[[ Data in this exercise open ]]

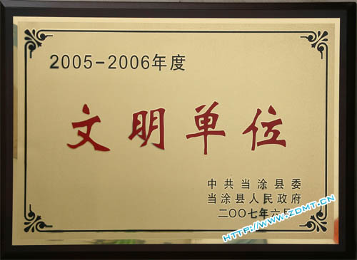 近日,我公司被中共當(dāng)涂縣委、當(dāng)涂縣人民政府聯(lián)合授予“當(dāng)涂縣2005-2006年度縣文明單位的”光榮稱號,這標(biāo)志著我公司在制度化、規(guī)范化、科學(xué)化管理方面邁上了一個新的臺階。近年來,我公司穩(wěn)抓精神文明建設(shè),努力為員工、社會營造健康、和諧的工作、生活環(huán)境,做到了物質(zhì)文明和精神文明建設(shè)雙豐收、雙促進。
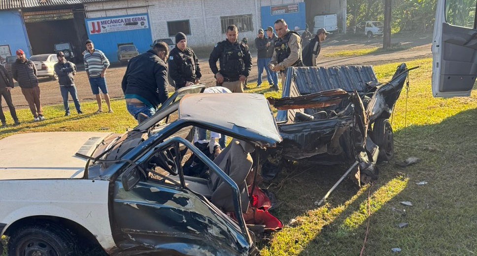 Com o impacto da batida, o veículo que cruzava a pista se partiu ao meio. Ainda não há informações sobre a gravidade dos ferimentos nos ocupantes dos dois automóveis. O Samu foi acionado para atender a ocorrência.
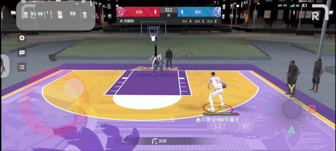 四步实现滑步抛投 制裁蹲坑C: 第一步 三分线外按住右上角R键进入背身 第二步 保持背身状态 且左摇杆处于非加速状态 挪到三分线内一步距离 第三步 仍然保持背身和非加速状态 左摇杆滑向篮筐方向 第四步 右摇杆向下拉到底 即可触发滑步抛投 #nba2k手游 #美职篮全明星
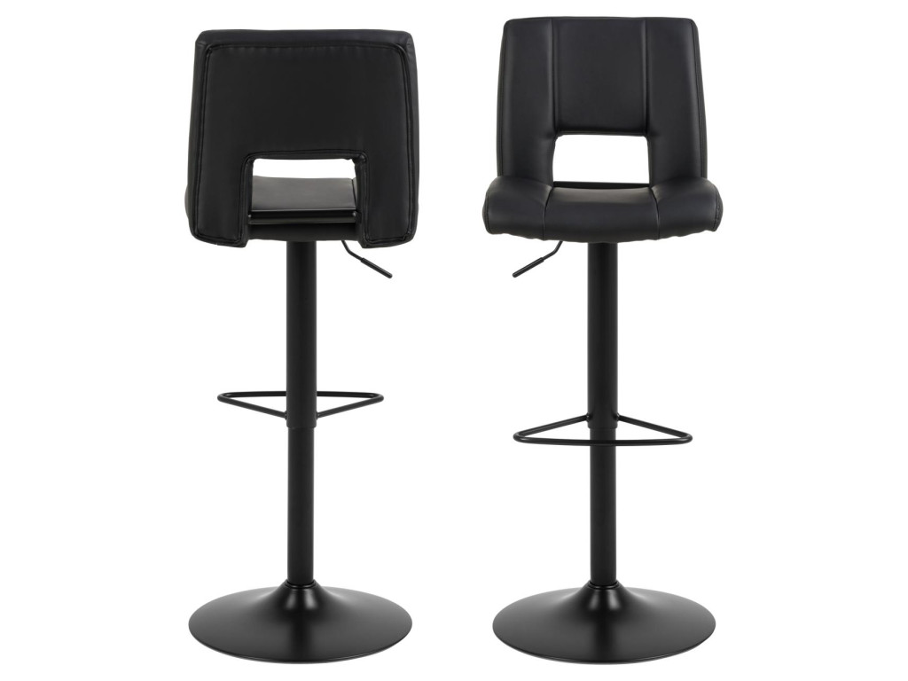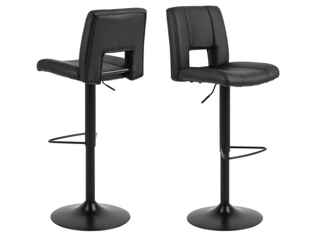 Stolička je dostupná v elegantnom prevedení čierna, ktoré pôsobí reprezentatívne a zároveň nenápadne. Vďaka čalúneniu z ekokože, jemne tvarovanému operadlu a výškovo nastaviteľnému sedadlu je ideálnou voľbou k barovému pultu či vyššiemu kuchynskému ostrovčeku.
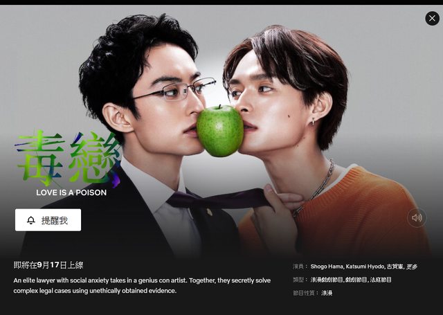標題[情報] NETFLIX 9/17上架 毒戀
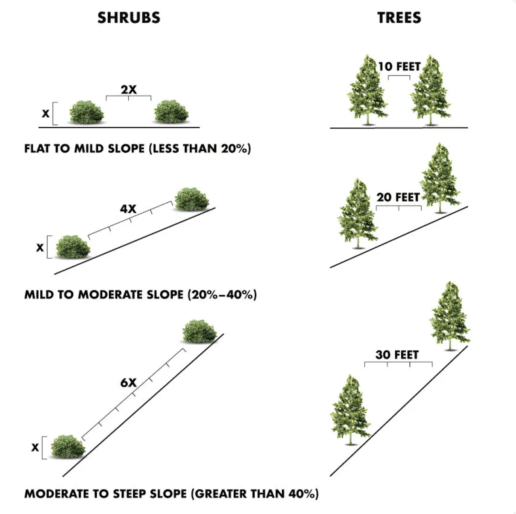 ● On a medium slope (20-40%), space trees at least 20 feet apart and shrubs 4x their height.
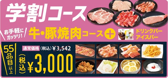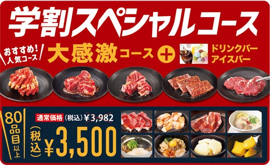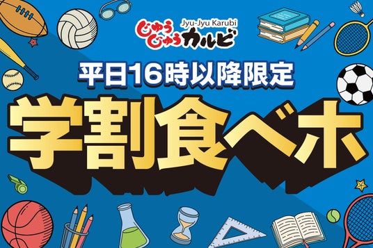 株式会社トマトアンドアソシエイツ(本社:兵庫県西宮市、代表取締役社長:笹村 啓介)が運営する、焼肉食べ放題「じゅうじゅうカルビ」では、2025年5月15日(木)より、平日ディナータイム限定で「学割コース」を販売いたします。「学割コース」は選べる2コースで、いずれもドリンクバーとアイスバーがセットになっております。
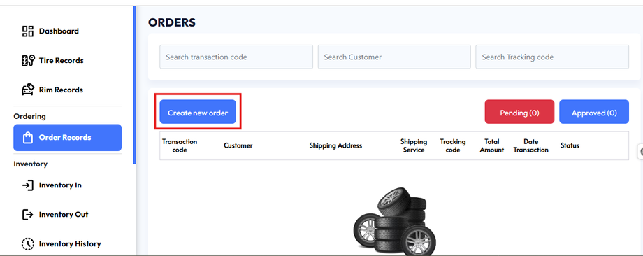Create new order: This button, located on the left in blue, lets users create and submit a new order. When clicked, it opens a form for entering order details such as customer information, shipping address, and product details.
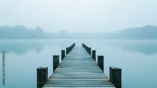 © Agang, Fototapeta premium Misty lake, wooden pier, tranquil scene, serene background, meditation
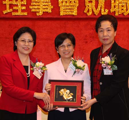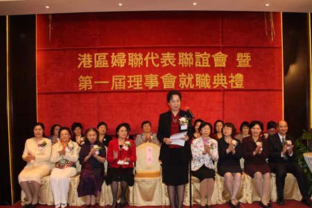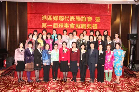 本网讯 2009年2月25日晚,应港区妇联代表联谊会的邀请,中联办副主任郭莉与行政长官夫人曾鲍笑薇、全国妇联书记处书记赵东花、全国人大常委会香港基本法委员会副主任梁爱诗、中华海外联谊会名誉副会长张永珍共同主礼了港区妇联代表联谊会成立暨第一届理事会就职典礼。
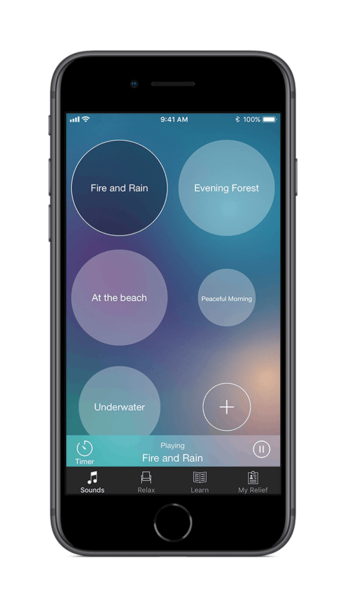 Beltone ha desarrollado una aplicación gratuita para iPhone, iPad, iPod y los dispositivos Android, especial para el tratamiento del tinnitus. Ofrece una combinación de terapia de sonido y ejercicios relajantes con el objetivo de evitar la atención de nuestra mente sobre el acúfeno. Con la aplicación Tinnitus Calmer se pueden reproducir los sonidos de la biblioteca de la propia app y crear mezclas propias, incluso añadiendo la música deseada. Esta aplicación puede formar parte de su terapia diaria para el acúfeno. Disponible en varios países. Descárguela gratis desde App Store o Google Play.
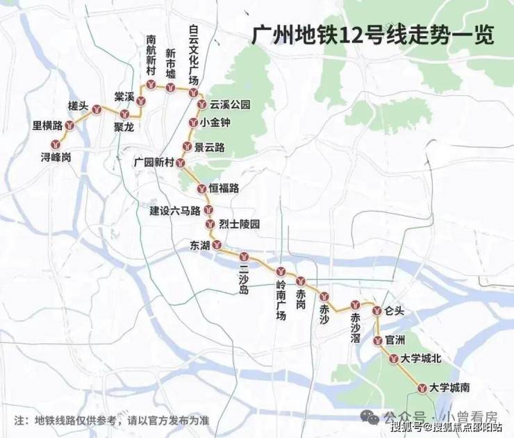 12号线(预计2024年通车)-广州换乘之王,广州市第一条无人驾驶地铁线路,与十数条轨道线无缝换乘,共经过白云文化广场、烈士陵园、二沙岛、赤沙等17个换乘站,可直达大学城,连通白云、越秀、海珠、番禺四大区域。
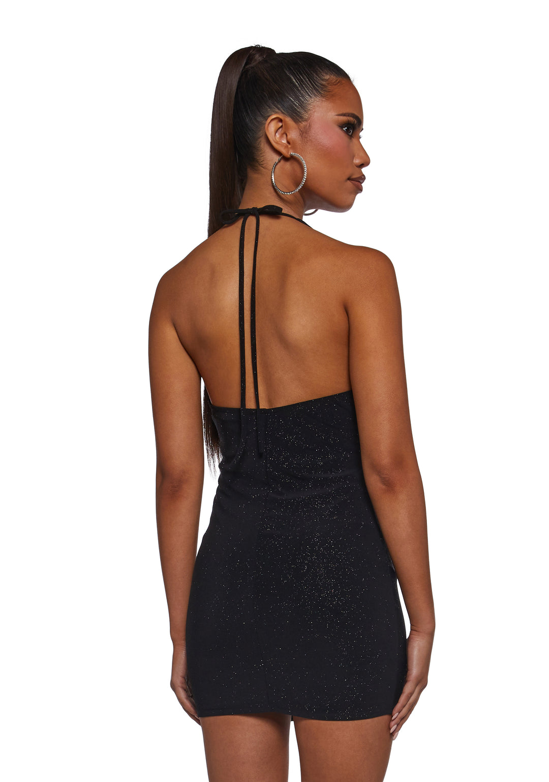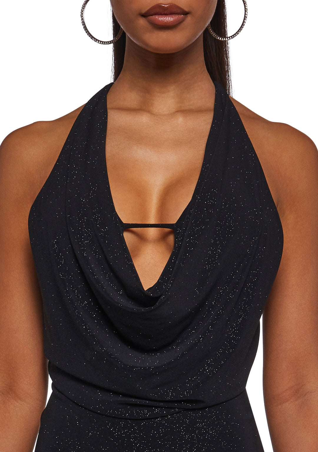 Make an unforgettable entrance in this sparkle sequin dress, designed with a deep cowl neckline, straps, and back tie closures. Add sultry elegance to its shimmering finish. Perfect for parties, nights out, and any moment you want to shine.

[[ Data in this exercise closed ]]
[[ Data in this exercise open ]]

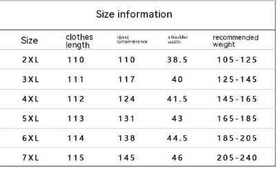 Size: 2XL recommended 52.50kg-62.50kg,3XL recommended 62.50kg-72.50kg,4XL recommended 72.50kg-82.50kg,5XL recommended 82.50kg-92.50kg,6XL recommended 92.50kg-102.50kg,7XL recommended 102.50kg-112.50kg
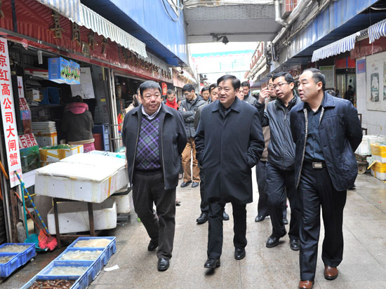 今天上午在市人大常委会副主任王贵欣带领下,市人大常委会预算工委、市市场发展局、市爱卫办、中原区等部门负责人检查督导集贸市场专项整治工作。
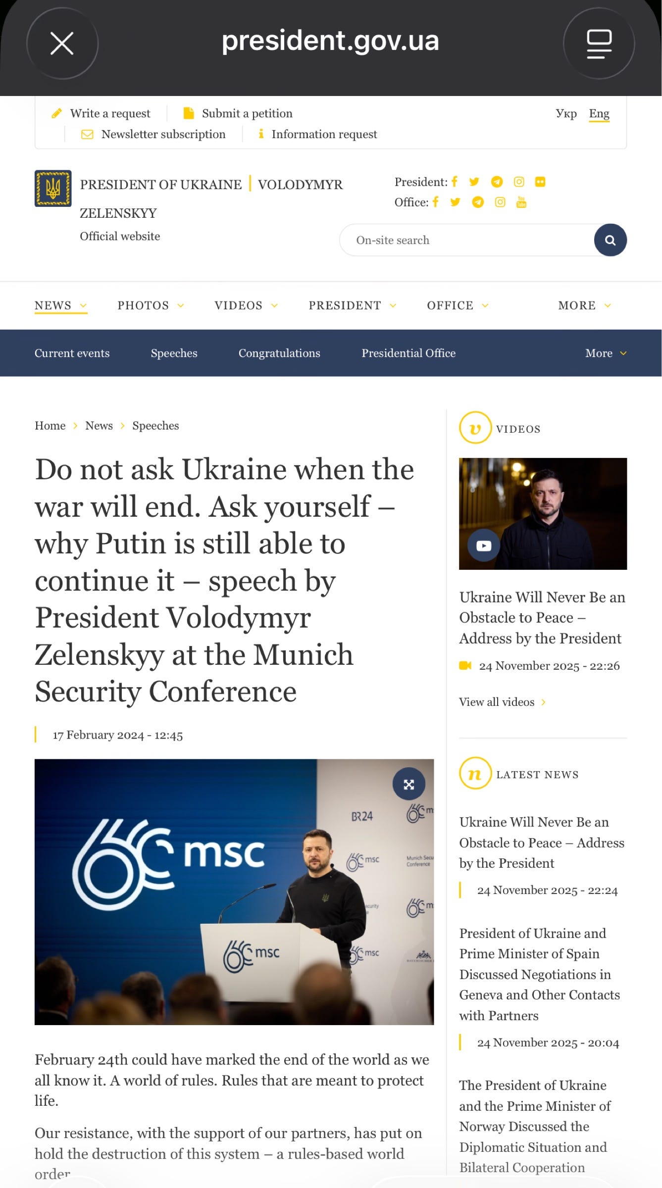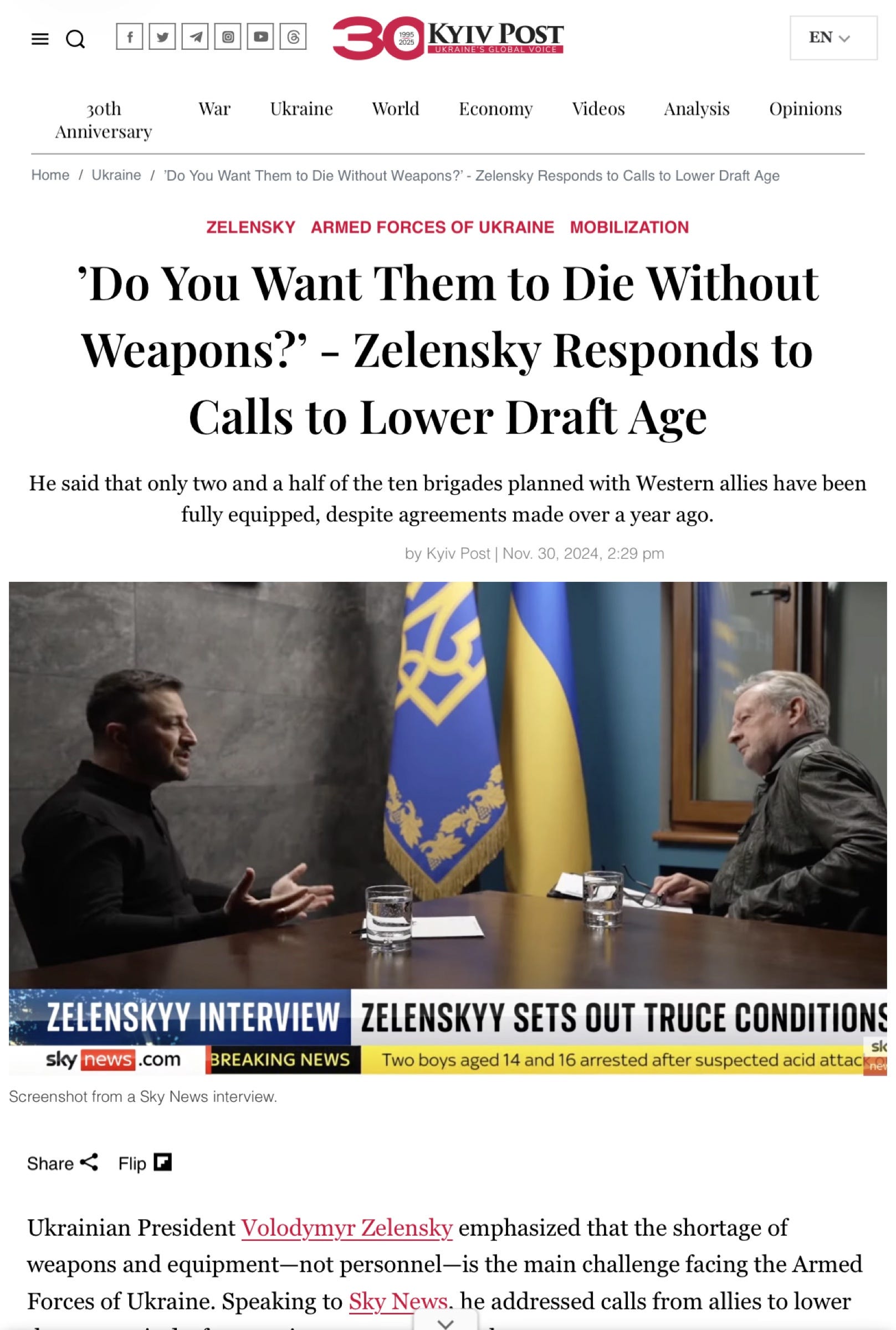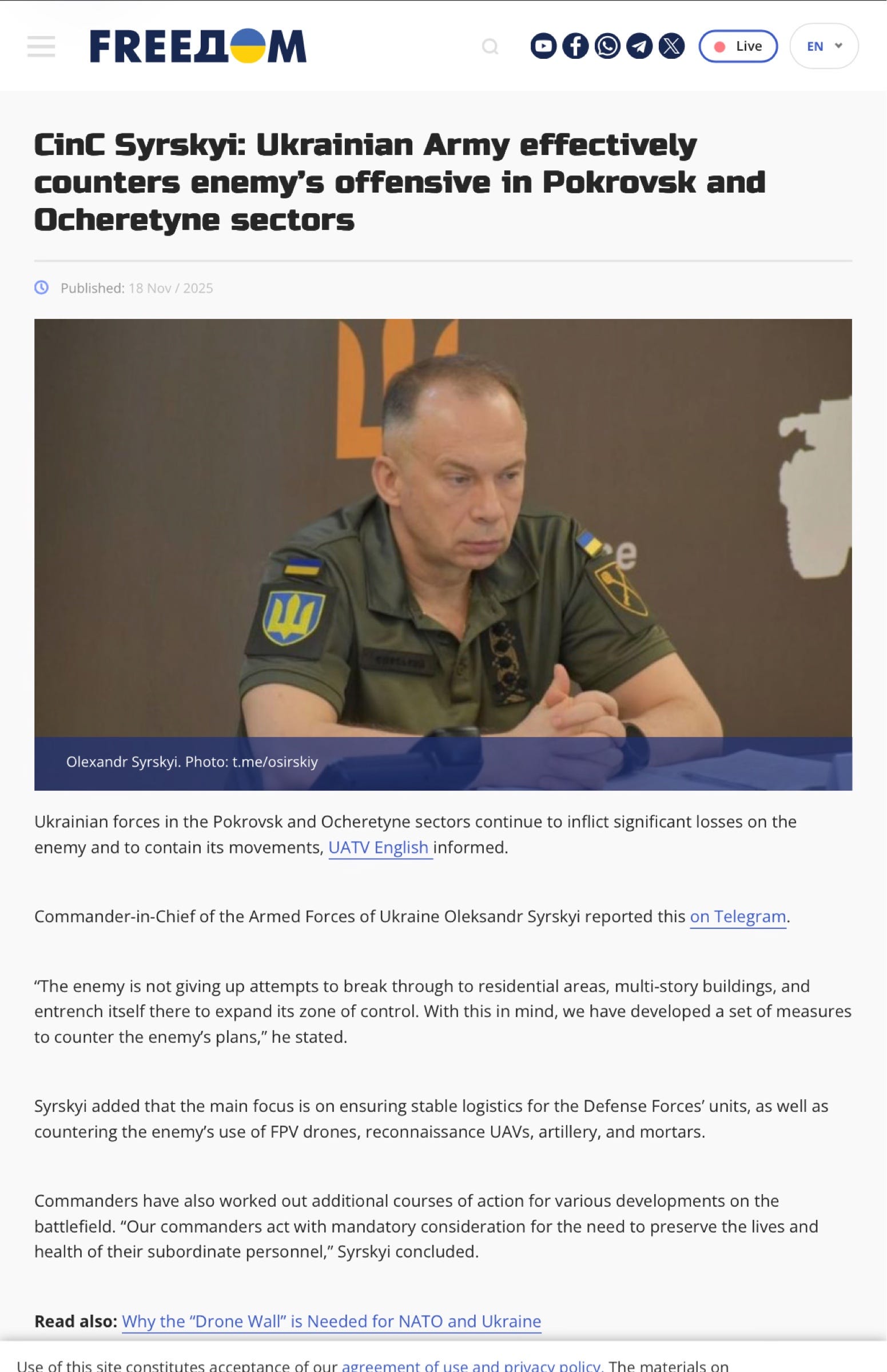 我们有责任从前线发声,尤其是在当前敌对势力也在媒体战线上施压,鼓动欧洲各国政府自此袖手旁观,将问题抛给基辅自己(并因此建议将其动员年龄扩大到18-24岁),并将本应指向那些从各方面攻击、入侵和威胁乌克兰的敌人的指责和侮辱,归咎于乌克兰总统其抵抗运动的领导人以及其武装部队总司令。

[[ Data in this exercise closed ]]
[[ Data in this exercise open ]]

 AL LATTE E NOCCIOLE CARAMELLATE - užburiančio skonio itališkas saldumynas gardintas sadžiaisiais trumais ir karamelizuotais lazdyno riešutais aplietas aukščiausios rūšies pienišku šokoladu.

[[ Data in this exercise closed ]]

▸ **Your instructions**
The lines to set down run from the line with "Create new order: This" up to and including the line with "本网讯 2009年2月25日" in the entries above. Reproduce them exactly, with no pictures.

▸ **Finished exercise**
Create new order: This button, located on the left in blue, lets users create and submit a new order. When clicked, it opens a form for entering order details such as customer information, shipping address, and product details.
 © Agang, Fototapeta premium Misty lake, wooden pier, tranquil scene, serene background, meditation
 本网讯 2009年2月25日晚,应港区妇联代表联谊会的邀请,中联办副主任郭莉与行政长官夫人曾鲍笑薇、全国妇联书记处书记赵东花、全国人大常委会香港基本法委员会副主任梁爱诗、中华海外联谊会名誉副会长张永珍共同主礼了港区妇联代表联谊会成立暨第一届理事会就职典礼。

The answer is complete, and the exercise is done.